◆ ACTIVITY ◆
Return each line of the data below verbatim; pictures are to be left out.

-- DATASET SECTION follows --

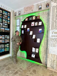 A ales B 96, pentru că locuieşte aproape de unitate. Trebuia să mă gândesc la familie, să iau în calcul și că soțul meu este foarte mult timp plecat de acasă, avem un copil și atunci cineva trebuie să fie lângă el. Faptul că am urmat un profil uman în liceu, a făcut ca, în prezent, să mă ocup de bibliotecă, de sala de tradiții. De fiecare dată când avem invitaţi, vorbim de istoria batalionului şi a armei geniu, de la înființare până în prezent.
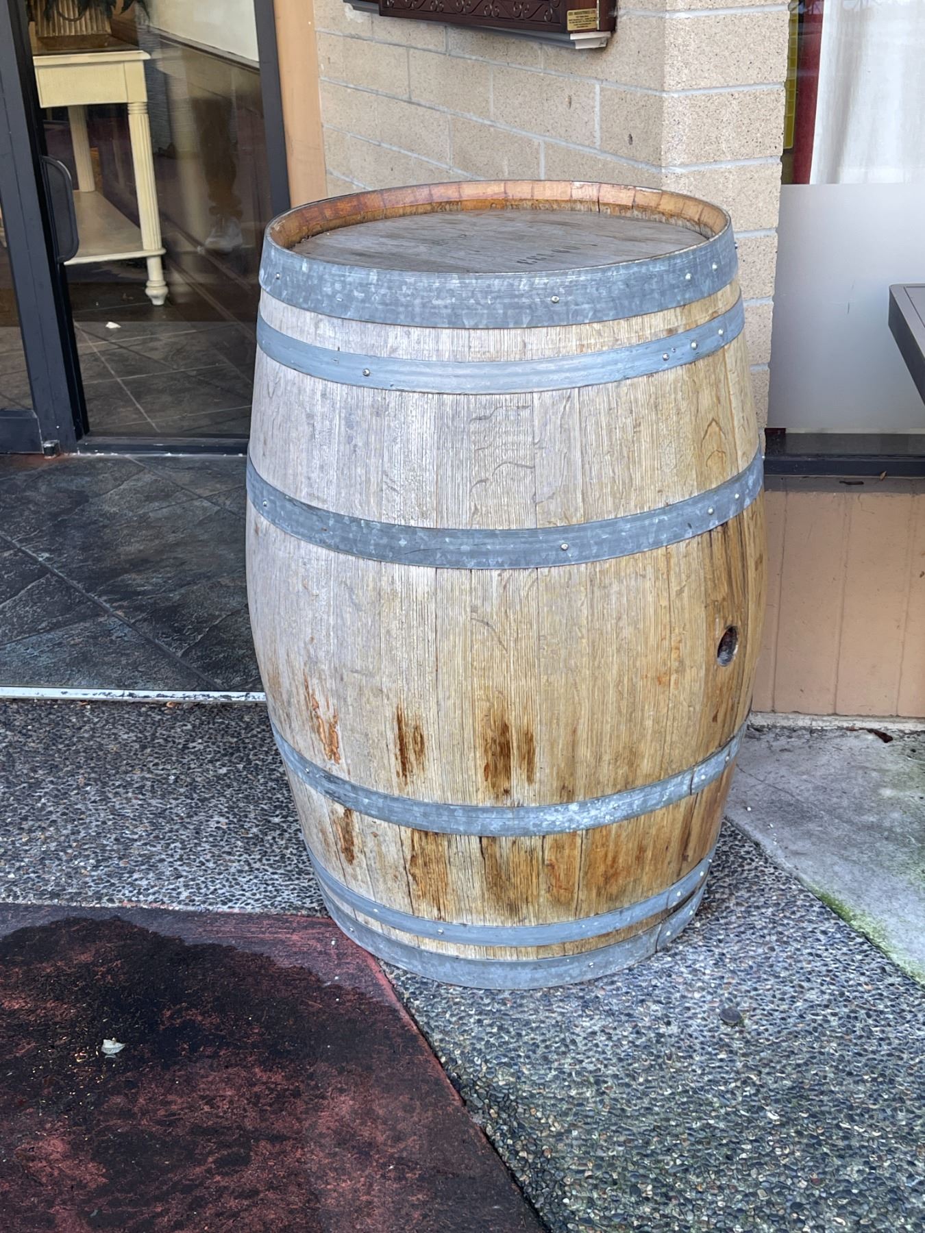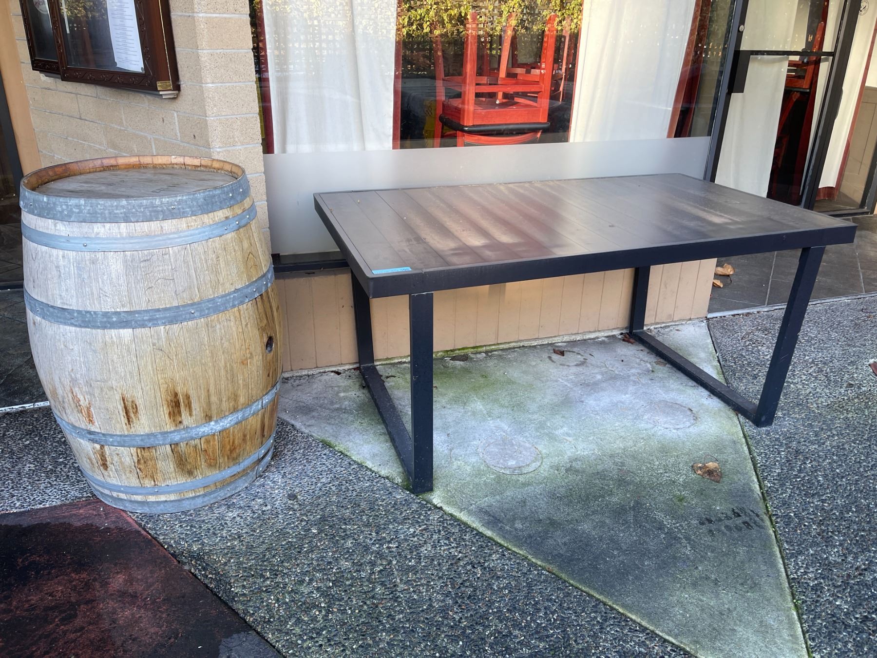 Outdoor dining table & "Burrowing Owl" wine cask barrel
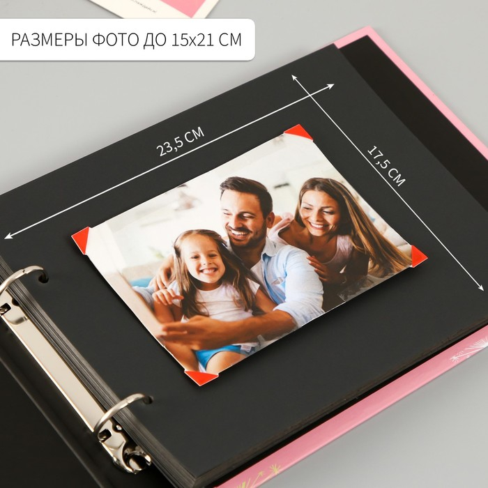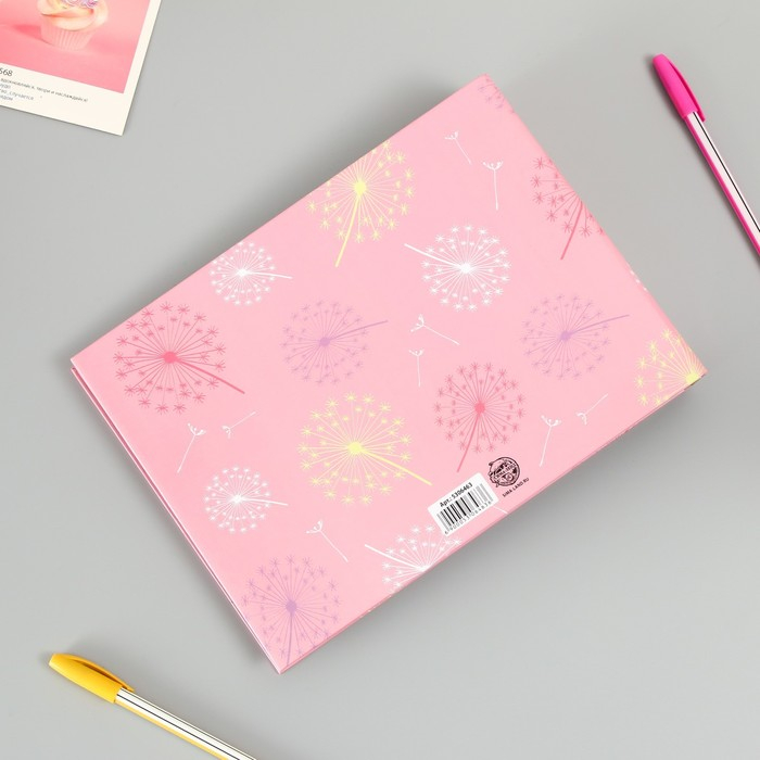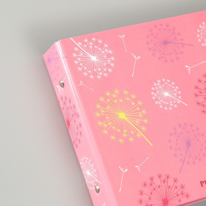 Фотоальбом 25 листов (уголки+кольца) "Одуванчики на розовом" 27х19 см

-- DATASET SECTION concluded --

◆ REPLY TO THE TASK ◆
 A ales B 96, pentru că locuieşte aproape de unitate. Trebuia să mă gândesc la familie, să iau în calcul și că soțul meu este foarte mult timp plecat de acasă, avem un copil și atunci cineva trebuie să fie lângă el. Faptul că am urmat un profil uman în liceu, a făcut ca, în prezent, să mă ocup de bibliotecă, de sala de tradiții. De fiecare dată când avem invitaţi, vorbim de istoria batalionului şi a armei geniu, de la înființare până în prezent.
 Outdoor dining table & "Burrowing Owl" wine cask barrel
 Фотоальбом 25 листов (уголки+кольца) "Одуванчики на розовом" 27х19 см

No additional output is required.